Очень популярная по всей России песня, тоже появившаяся в ХХ веке, «Напилася я пьяна», на первый взгляд кажется протестным текстом – и действительно, многие женщины во время застольного пения могут интерпретировать ее таким образом.
Напилася я пьяна, не дойду я до дому,
Довела меня тропка дальняя
До вишневого сада,
Довела меня тропка дальняя
До вишневого сада.
Там кукушка кукует, мое сердце волнует.
Ты скажи-ка мне, расскажи-ка мне,
Где мой милый ночует?
Ты скажи-ка мне, расскажи-ка мне,
Где мой милый ночует?
Если он при дороге, помоги ему, Боже!
Если с любушкой на постелюшке,
Накажи его, Боже!
Если с любушкой на постелюшке,
Накажи его, Боже!
Чем же я не такая, чем чужая другая?
Я хорошая, я пригожая, только доля такая!
Я хорошая, я пригожая, только доля такая!
Если б раньше я знала, что так замужем плохо,
Расплела бы я русу косоньку
Да сидела бы дома.
Расплела бы я русу косоньку
Да сидела бы дома.
По моему (ЛО) опыту, пение таких песен группой женщин во время пьяного застолья дает исполнительницам ощущение солидарности в их противостоянии воображаемому или всплывающему в памяти неверному мужчине. В песне гнев женщины выражается с помощью ее намеренной трансгрессии: она напивается пьяной, чтобы утопить в вине горечь от измены мужа[83]. Ее речь отличает поразительная жесткость: хоть и опосредованно, и спьяну, но она проклинает своего мужа. В этом смысле песня попадает в категорию традиционных лирических песен, которые откровенно констатируют разочарование женщин в мужьях[84].

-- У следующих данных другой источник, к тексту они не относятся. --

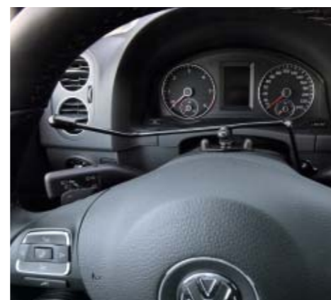
Zusätzlicher Wischerhebel links.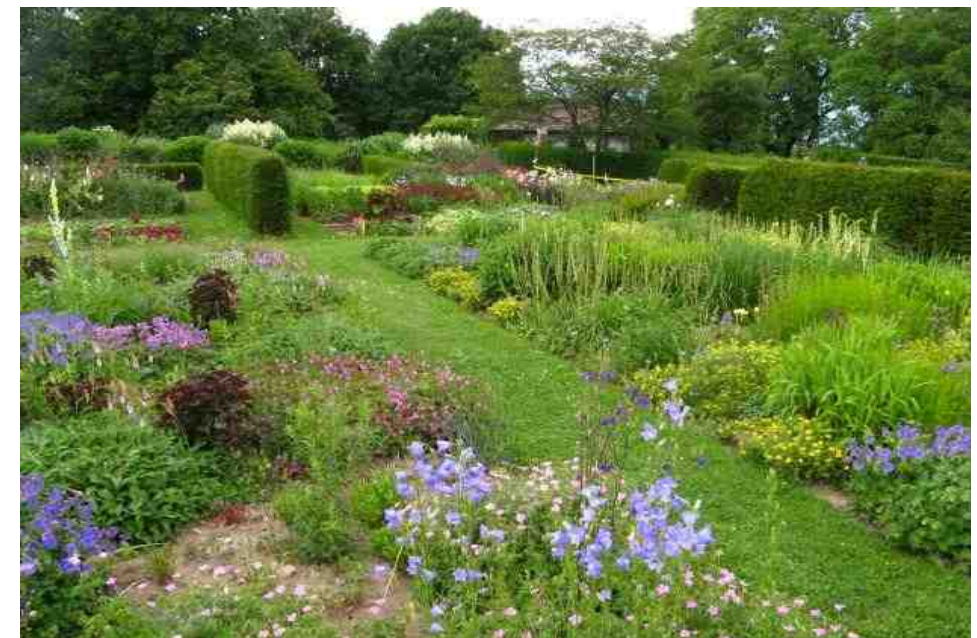
Botanischer Hochschulgarten in Wädenswil

Bitte um Mitteilung an: remy.holenstein@holon-net.net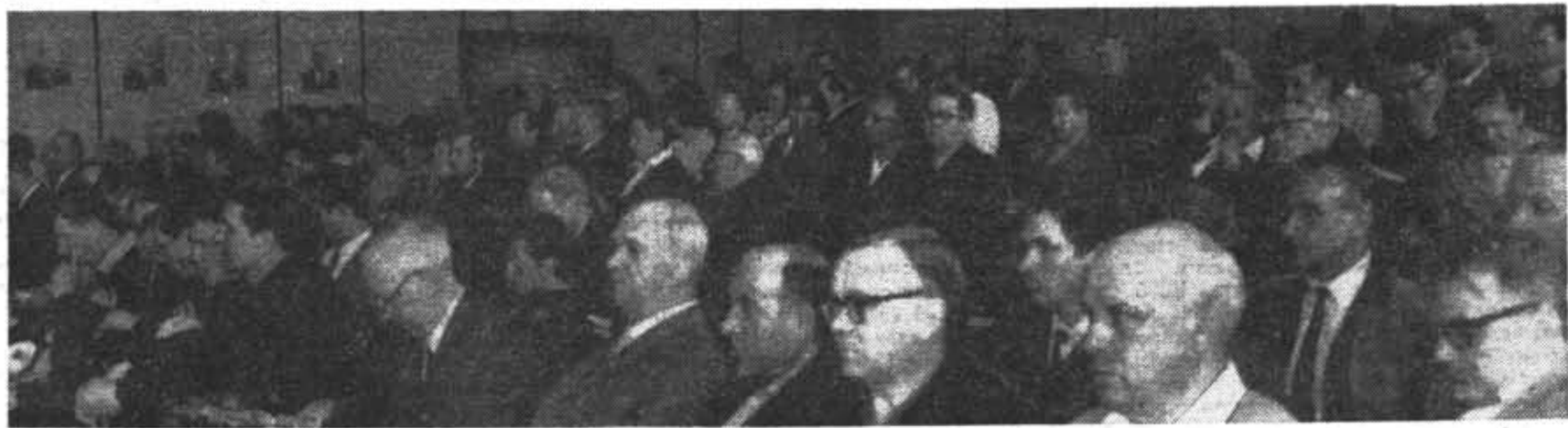
ФОТОРЕПОРТАЖ ВАЛЕРИИ СЛОВЬЕВОЙ С ПАРТИЙНОГО СОБРАНИЯ ИНСТИТУТА — НА СТР. 1—2.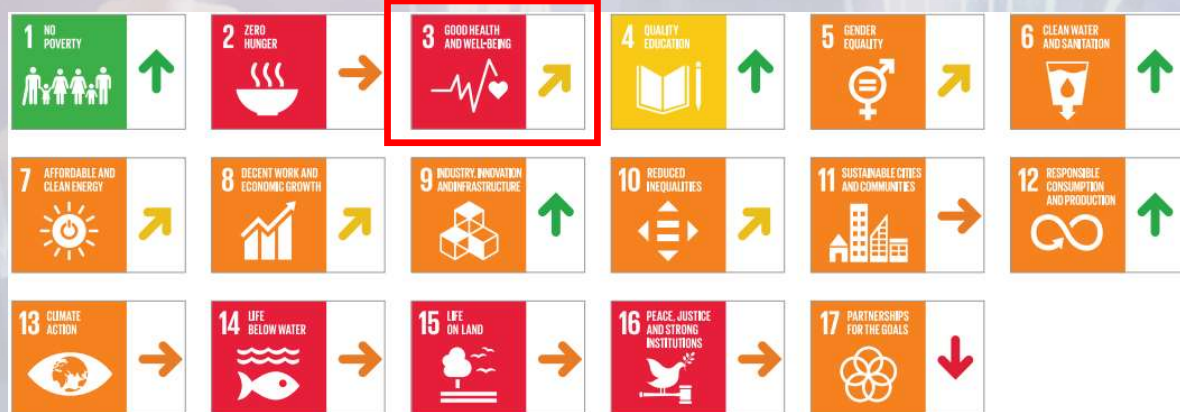
ภาพรวมเป้าหมายที่ 3

■ Major challenges ■ Significant challenges ■ Challenges remain ■ SDG achieved ↓ Decreasing → Stagnating ↗ Moderately improving ↑ On track or maintaining SDG achievement ● Information unavailable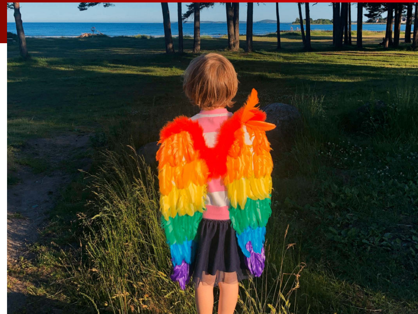
Regnbuevinger: Barn som bryter med normer for kjønn og seksualitet.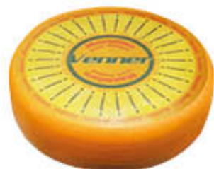
MAASDAMMER FORMA AL KG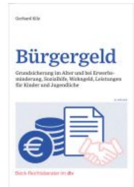
Bürgergeld Ladenpreis: 20,50EUR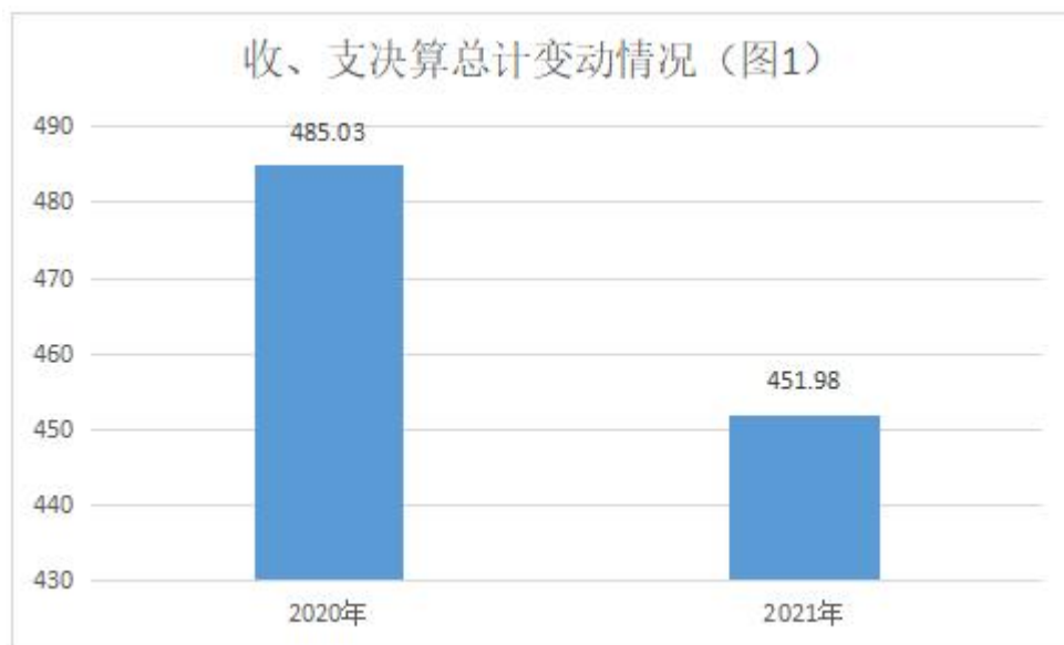
图 1：收、支决算总计变动情况（单位：万元）

2021 年度收、支总计 451.98 万元。与 2020 年度相比，收、支总计各下降 33.05 万元，下降 6.8%，主要原因主要原因是政策性人员经费减少，压减了部分项目支出。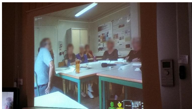
Figure 2. Disposition des participants pour le focus group conduit à la MIB

Lors de ce deuxième focus group (Figure 2), il a été choisi d'intégrer les accompagnatrices après une première phase réalisée uniquement avec les résidents. Le focus group a été mené par le même animateur que celui réalisé au sein de l'habitat partagé de Montredon.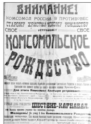
«Комсомольское Рождество». Афиша.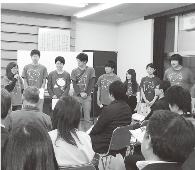
町民とともに町づくりを考える芸工大生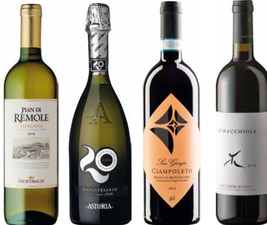
PALMA € 49,00 / COD 908

CASSETTA LEGNO "Love Live Gift" ROSSO IGT TRIPLE "A" Terre Siciliane SP68 "Occhipinti" 75cl (Sicilia) CHIANTI CLASSICO DOCG "Isole e Olena" 75cl (Toscana)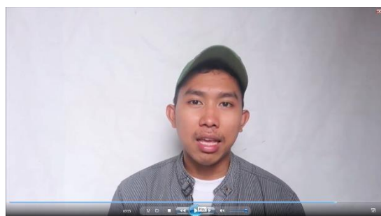
Gambar 3 Scene (07.55 – 08.51)

“Satu-satunya cara untuk mengetahui apakah itu disebabkan oleh HIV atau bukan yaitu hanya dengan melakukan tes HIV... makanya pesan gue adalah kalian jangan malu untuk pergi ke dokter atau kerumah sakit kalo kalian merasa bahwa diri kalian beresiko mengidap HIV, begitu..?!”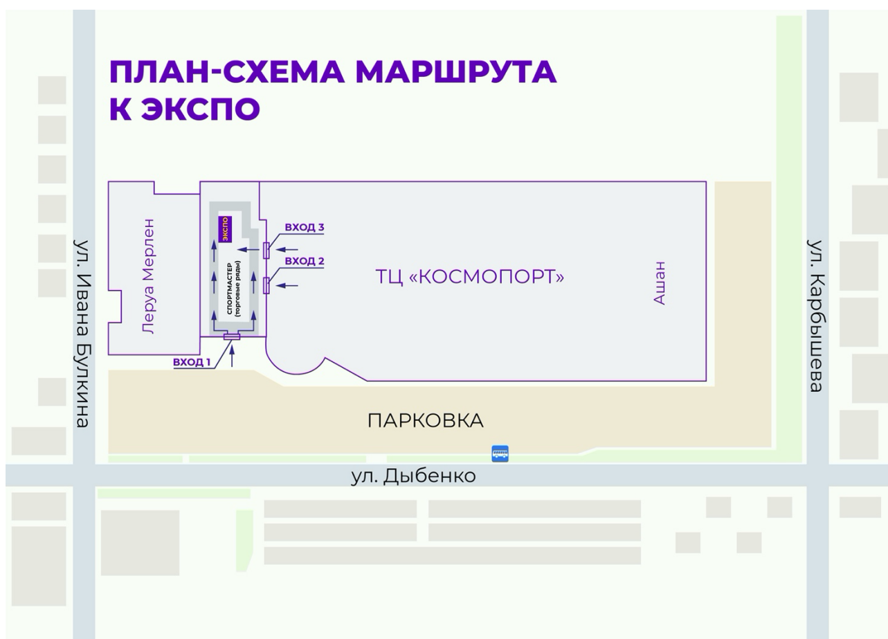
Схема проезда и прохода к ЭКСПО:

11:00 - 20:00 ч. Выдача стартовых пакетов и работа ЭКСПО по адресу: г. Самара, ул Дыбенко 30, ТЦ "Космопорт", магазин Спортмастер, 1 этаж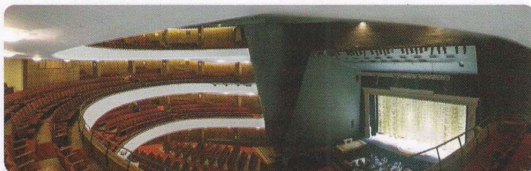
La caja escénica, única en el mercado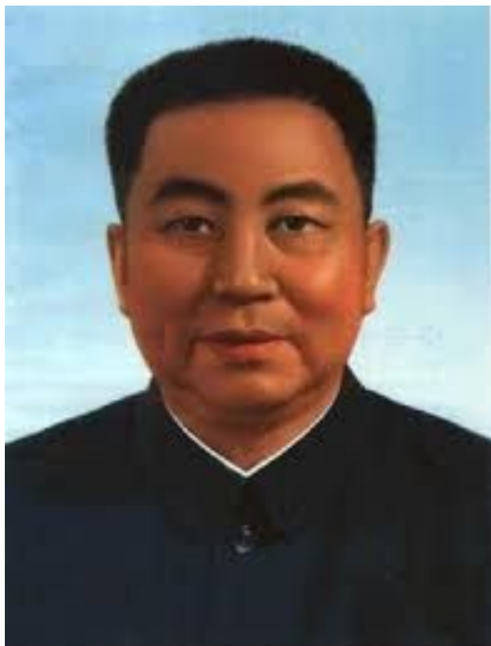
• Хуа Гофэн, председатель ЦК КПК в период с 1976 по 1981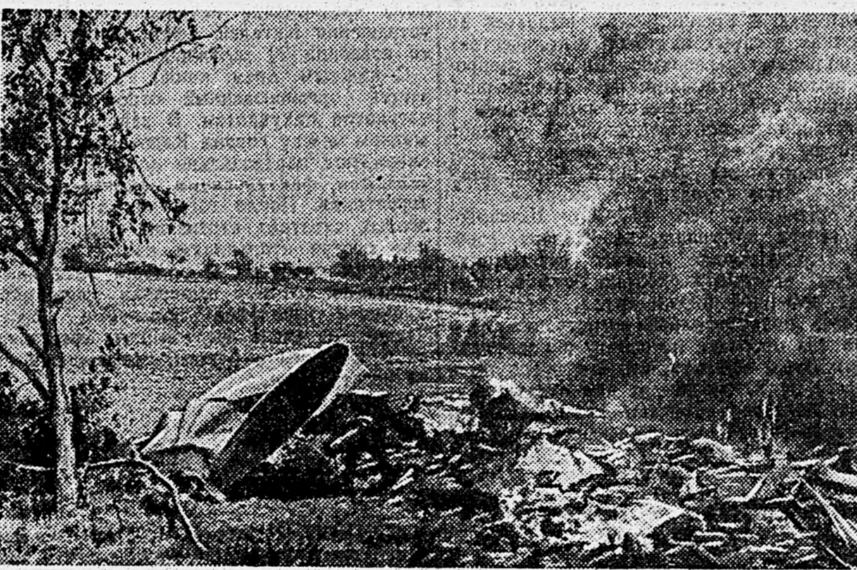
В РАЙОНЕ НОВОРОССИЙСКА. Немецкий самолет, сбитый нашими истребителями.

Свыше 100 членов семей фронтовиков принято на завод, 22 из них работают в цехе крупных деталей. Около 50 подростков детей фронтовиков работают на фрезерных станках, ежедневно выработывая по полторы—две нормы. (ТАСС).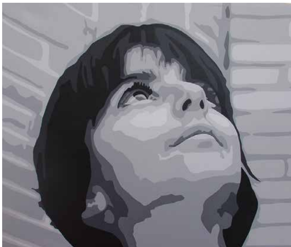
SARAY. Acrílic sobre llenç 108 x 130 cm.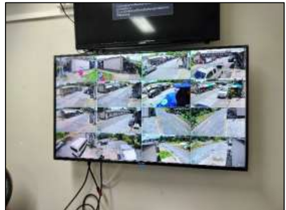
ภาพที่ 27 กล้อง CCTV / ห้องควบคุม CCTV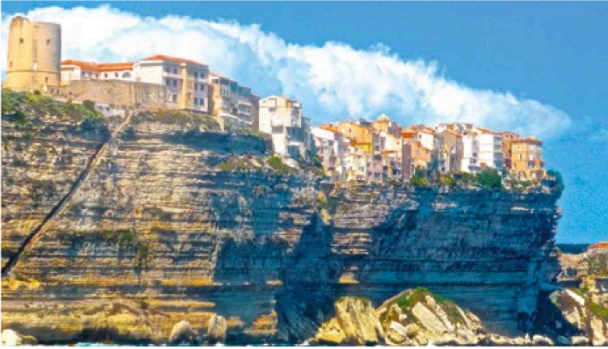
Bonifacio mit ihrer über die Klippen ragenden Altstadt und Zitadelle.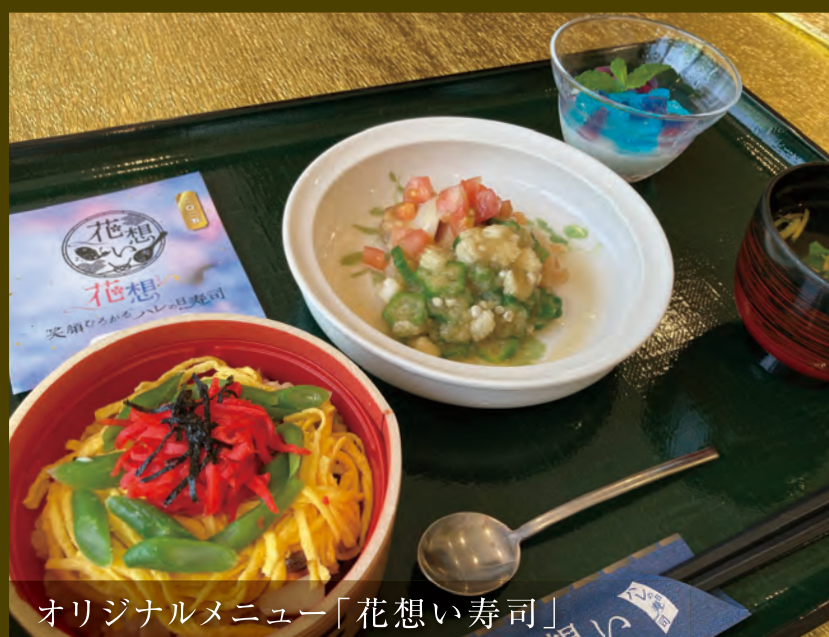
オリジナルメニュー「花想い寿司」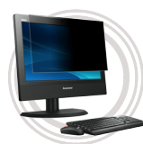
3M Blickschutzfilter Blickschutz und AntiGlare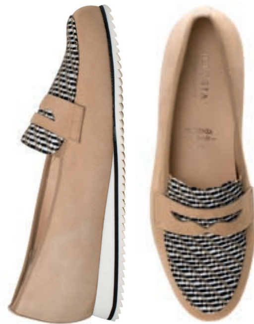
Piacenza — comfort fit —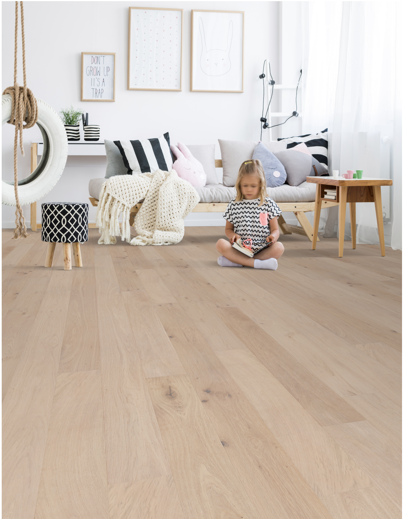
△ White Oak / Chêne blanc-Brighton | ENG728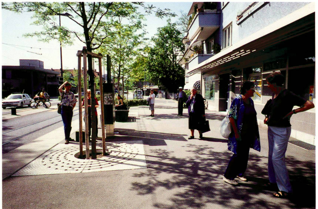
Attraktive Seitenbereiche bei den Tramhaltestellen.

Trafic motorisé: Malgré la suppression d'une voie séparée de tram (réduction de 4 à 2 voies) il a résulté une légère augmentation de trafic de 5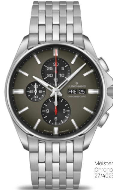
Meister S Chronoscope 2714023.44

重量感があり、ダイナミックな流線形のサイドプロテクション、反射防止コーティングサファイアクリスタルそして20気圧防水などの機能によりスポーティーで男性的そして究極の高耐傷性を確保しています。ステンレススチール プレスレットは、簡単にプレスレットの長さを調整できる微調整機能付きです。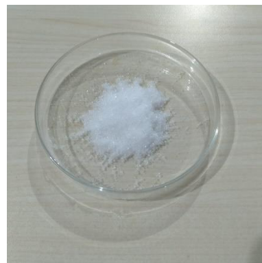
(NH 4 ) 2 HPO 4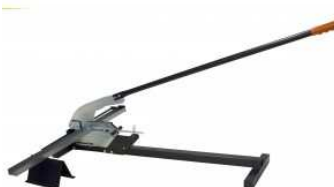
Guillotine professionnelle pour profilés métalliques jusqu'à 125 mm de large.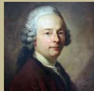
Charles Batteux

Központi elv: Úgy véli, hogy univerzális és időtlen költői kifejezési módok léteznek. Ezeket a költészet természeti formáinak nevezi. Az egyes műfajok a természeti formák kombinációi.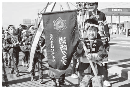
拍子木を打ちながら「火の用心」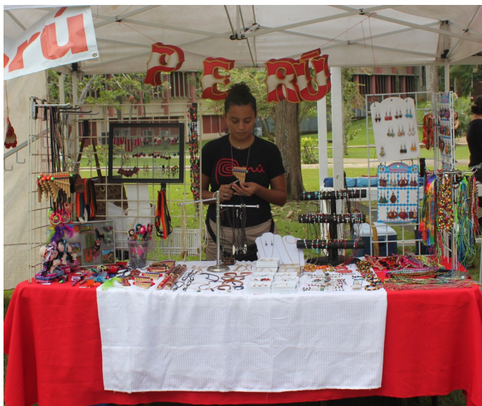
La “Plaza Internacional” tuvo un despliegue de artesanías representativas, entre otros, de Perú, México, Colombia y Puerto Rico.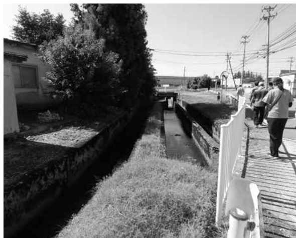
午前中はみんなでまちを歩き、情報を集めます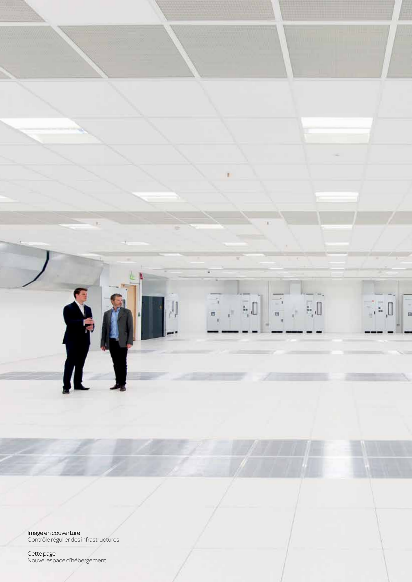
Image en couverture Contrôle régulier des infrastructures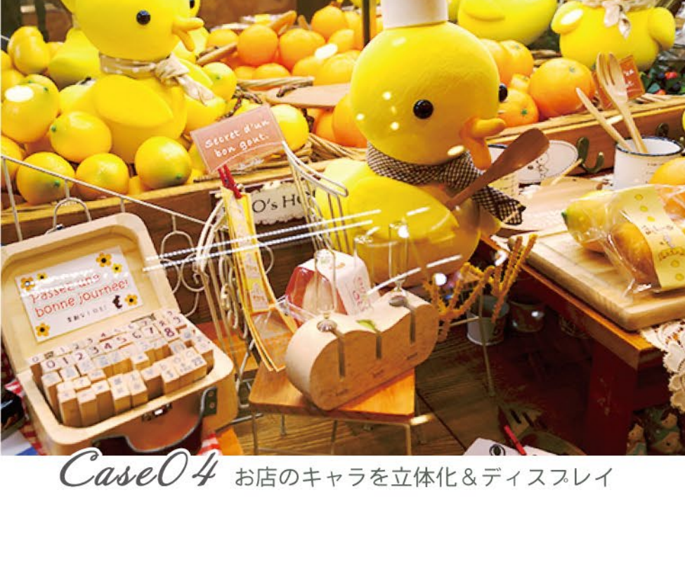
Case04 お店のキャラを立体化&ディスプレイ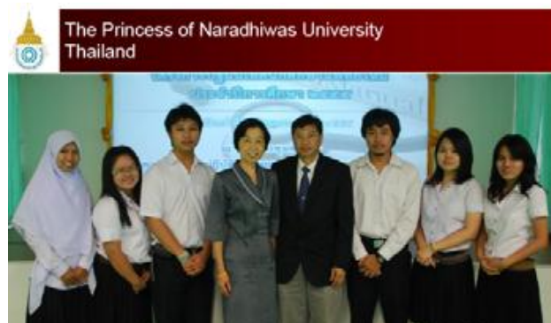
ทีมจาก ม.นราธิวาส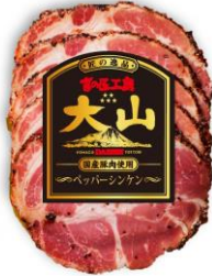
ペッパーシンケン (国産原料使用)

Тем не менее другие аспекты песни предполагают пассивность героини и традиционный сценарий управления отношениями при помощи взывания к высшим силам. Выражение ее собственного гнева требует посредничества высшей силы: «Накажи его, Боже». Она просит кукушку (чье поведение традиционно может предвещать несчастье) рассказать ей, где будет ночевать ее муж. В стиле, имитирующем традиционные деревенские лирические песни, она жалуется не столько на конкретного мужчину, сколько на само замужество: «Если б раньше я знала, что так замужем плохо, расплела бы я русу косоньку да сидела бы дома»[85]. Здесь описание альтернативного образа жизни рисует довольно печальную, однако единственно возможную в дореволюционной России, замену замужеству – остаться в родительском доме[86]. Представляя женскую субъективность в феминистическом ключе – с помощью демонстрации женского гнева и сопротивления замужеству, песня утверждает, что у героини нет выхода: она должна или остаться старой девой в отчем доме, или терпеть неверность мужа. Единственное утешение, которое у нее остается, – топить свое горе в вине. Песня открыто вступает в противостояние с патриархальным укладом, но сопротивление героини выражается преимущественно традиционными мелодраматическими средствами. В подобных текстах мы встречаем сходные отношения компромисса традиции и современности, конформности и протеста: как и многие другие фольклорные тексты, эти песни являются продуктом согласования конфликтующих точек зрения, и человек может интерпретировать тексты разнообразными способами на самых разных основаниях[87].
Сериалы: обаяние злодейки
Романсы и баллады представляют собой истории о трансгрессии и конфликтах – независимо от того, формулируются ли они относительно простым способом (в конформных текстах) или полны противоречий (в текстах протестных). Когда акт трансгрессии осуществляется женщиной, движущей силой сюжета оказывается героиня-злодейка. Как правило, деструктивные действия этих женских персонажей порождаются завистью, вызванной счастьем другой женщины, а сюжеты представляют собой примеры торжества высшей справедливости: на женщину, которая творит зло, обрушиваются несчастья, и она оказывается наказанной.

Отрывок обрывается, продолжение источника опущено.